8A. Learned Magistrate, in these cases, unfortunately, undertook examination of validity of such “Warrants” by referring to the provision of Income Tax Act, despite that exercise being expressly proihibited by this Court. It was not open to her to question either legislative wisdom or even this Court’s judicial mandate in taking the view (expressed tersely in the order, dilated upon in the report though) that for satisfying itself as to evasion of income tax, Income Tax Authorities need not have custody of the articles seized. Merely because in M. P. No. 724/90, article in question was cash money and in these cases silver ornaments, she was not justified in ignoring the law laid down by this Court. Both articles were “assets” within the meaning of Section 132A(1)(c) of the Income Tax Apt.

9. For all the aforesaid reasons, we find no merit in the explanation, which Smt. Bhatt has submitted and we do not think that it is necessary to give her a personal hearing for deciding whether we should make a recommendation for withdrawal of her criminal powers.
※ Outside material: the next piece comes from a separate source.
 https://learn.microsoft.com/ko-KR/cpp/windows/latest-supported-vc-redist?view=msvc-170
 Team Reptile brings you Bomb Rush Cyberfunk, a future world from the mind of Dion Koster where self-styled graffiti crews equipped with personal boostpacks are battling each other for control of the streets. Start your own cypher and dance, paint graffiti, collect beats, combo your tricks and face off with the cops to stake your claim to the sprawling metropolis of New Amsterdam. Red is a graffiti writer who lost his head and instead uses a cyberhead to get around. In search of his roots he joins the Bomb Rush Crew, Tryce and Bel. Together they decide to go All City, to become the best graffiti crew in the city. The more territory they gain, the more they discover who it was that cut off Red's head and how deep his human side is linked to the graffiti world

10. In so far as orders impugned in these cases are concerned, those have been held illegal on 10-8-1990 itself and are today finally quashed. For recovery of silver seized from Nirbhay Kumar, proceedings commenced by Shri A. K. Verma, JMFC, Gwalior, shall continue, to comply with the direction made in these matters by this Court on 10-8-19901 Two common respondents in all these 10 matters have been heard; one Nirbhay Kumar, is reported untraceable. The view taken by this Court on 23-6-1990 in M. P. No. 724/90 we reiterate and hold that if any person is aggrieved by the “warrant of authorisation” issued in these cases, in regard to the custody of silver seized from the said Nirbhay Kumar, he may challenge the warrants in separate proceedings.

10A. Shri K. S. Shrivastava prayed that a direction be made to the Superintendent of Police, G.R.P (B.G.) at Bhopal to pursue the matter and take necessary steps for recovery of silver whether from Gwalior or from Mathura. We have no doubt that he can do that inasmuch as the offence’ for which Nirbhay Kumar was booked, and the seizure of the silver from him, had taken place at Gwalior.
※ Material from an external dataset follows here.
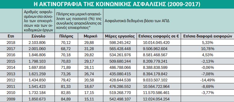 Όμως από το 2013 ο αριθµός των ασφαλισµένων άρχισε να αυξάνεται σταδιακά και επανήλθε στα επίπεδα του 2009 ήδη από το 2016, µε µια σηµαντική διαφορά: οι εισπραττόµενες εισφορές συνέχισαν να µειώνονται σε 8,5 δισ. ευρώ γιατί η µερική απασχόληση των µισθωτών είχε σχεδόν διπλασιαστεί, αυξανόµενη από 15,1% το 2009 σε 29,8% το 2016, αλλά και, το βασικότερο, το µέσο ηµεροµίσθιο είχε µειωθεί κατά 20,14%, από 56,06 ευρώ το 2009 σε 44,77 ευρώ το 2016. Αντίστοιχα, σήµερα, που ο αριθµός των ασφαλισµένων ξεπερνά κατά σχεδόν 250.000 τους ασφαλισµένους του 2009, οι εισπραττόµενες εισφορές συνεχίζουν να υπολείπονται κατά 2 δισ. ευρώ από αυτές του 2009.

11. Section 11(3), Criminal Procedure Code empowers the High Court “to confer powers of Judicial Magistrate or of the First Class or Second Class on any member of Judicial Service of the State functioning as a Judge in a Civil Court.” Accordingly, power has been conferred by this Court on Smt. Bhatt to act as Second Additional Chief Judicial Magistrate, Gwalior, as it was thought “expedient” to do so. Section 34(1), Criminal Procedure Code invests the High Court as also the State Government jurisdiction to withdraw all or any of the powers conferred by it under this Code on any person or by any officer subordinate to it. We have no doubt in appropriate cases it becomes the duty of the High Court to exercise its power under Section 34(1), Criminal Procedure Code in the matter of sustaining public confidence in the administration of justice. Indeed, this duty assumes significance when it appears from cogent material brought to its notice that it is fit and expedient not to allow that power to be exercised by any Civil Judge. We have today, before us, cogent and adequate material to take that view that it will not be in the public interest to allow Smt. Bhatt to continue to exercise powers under Section 11(3), Criminal Procedure Code as it is necessary to uphold high traditions of judiciary at all levels and maintain public confidence in administration of justice. We recommend that powers conferred on her thereunder be withdrawn.
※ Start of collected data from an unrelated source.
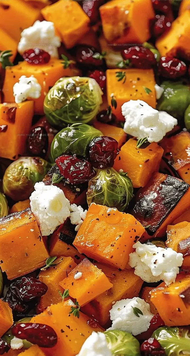 Final Symphony Carefully transfer golden-edged roasted vegetables to a beautiful serving dish. Cascade the crimson cranberry glaze across the medley, creating elegant swirls. Sprinkle crumbled goat cheese like delicate snowflakes, adding a creamy contrast that elevates the entire composition.
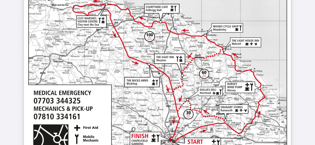 2nd June 2025 – the Norwich 100 is held annually by Bike Events and follows a fantastic route from Norwich City Centre Forum, along the Norfolk Coast back to the City for Refreshments at Chapefield Gardens.
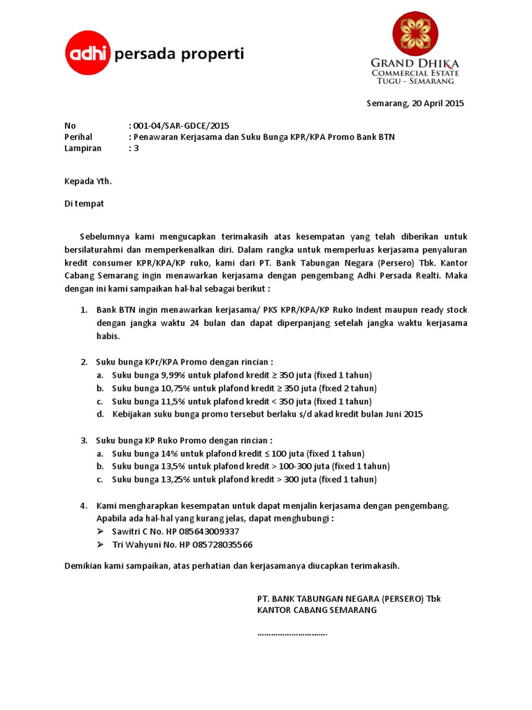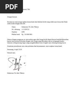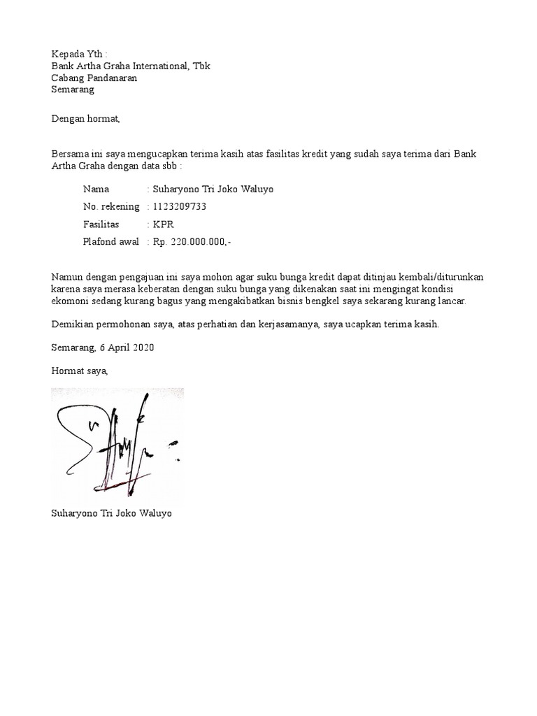 Contoh surat permohonan penurunan suku bunga bank. kami. Website ini terbaik dilihat dengan browser Internet Explore 11, Google Chrome 48, Mozilla Firefox 43, atau yang terbaru. Individu Bisnis Tentang BCA Karir iden PALING BANYAK DICARI Awas Modus BCA Mobile Buka Rekening Tahapan Edukatips Kurs BCA Cantik... Cicilan bulanan menjadi lebih ringan disebabkan oleh perpanjangan jangka waktu dan penurunan suku bunga. 2. Jangka waktu perpanjangan maksimal adalah 1 tahun ...4 pages Restrukturisasi kredit kepada bank; Apabila perusahaan gagal dan tidak mampu membayar bunga kredit kepada bank, perusahaan dapat mengajukan restrukturisasi kredit, yaitu permohonan untuk melakukan jadwal ulang pelunasan bunga kredit. Biasanya pihak bank akan menawarkan pemberian kredit tambahan sebagai solusi. dengan ini mengajukan permohonan restrukturisasi kredit karena mengalami penurunan omset usaha yang disebabkan oleh penyebaran virus corona (covid-19), ...1 page

12. We direct the Bench Registry to send to the Main Registry a copy of this order as also of the order passed by us in this matter on 10-8-1990 along with copies of impugned order and that of Smt. Bhatt’s report/explanation. A copy of order passed by this Court on 23-6-1990 in M. P. No. 724/90 shall also be sent therewith. The question of withdrawal of powers herein commended shall be placed for consideration of the Full Court in the next meeting. Till then, our interim direction made to the learned District and Sessions Judge, Gwalior, must continue. She shall not be given any criminal work till such time as decision of the Full Court in the next meeting, in regard to the recommendation made herein.

A copy of this order shall be kept on the record of all the nine connected matters.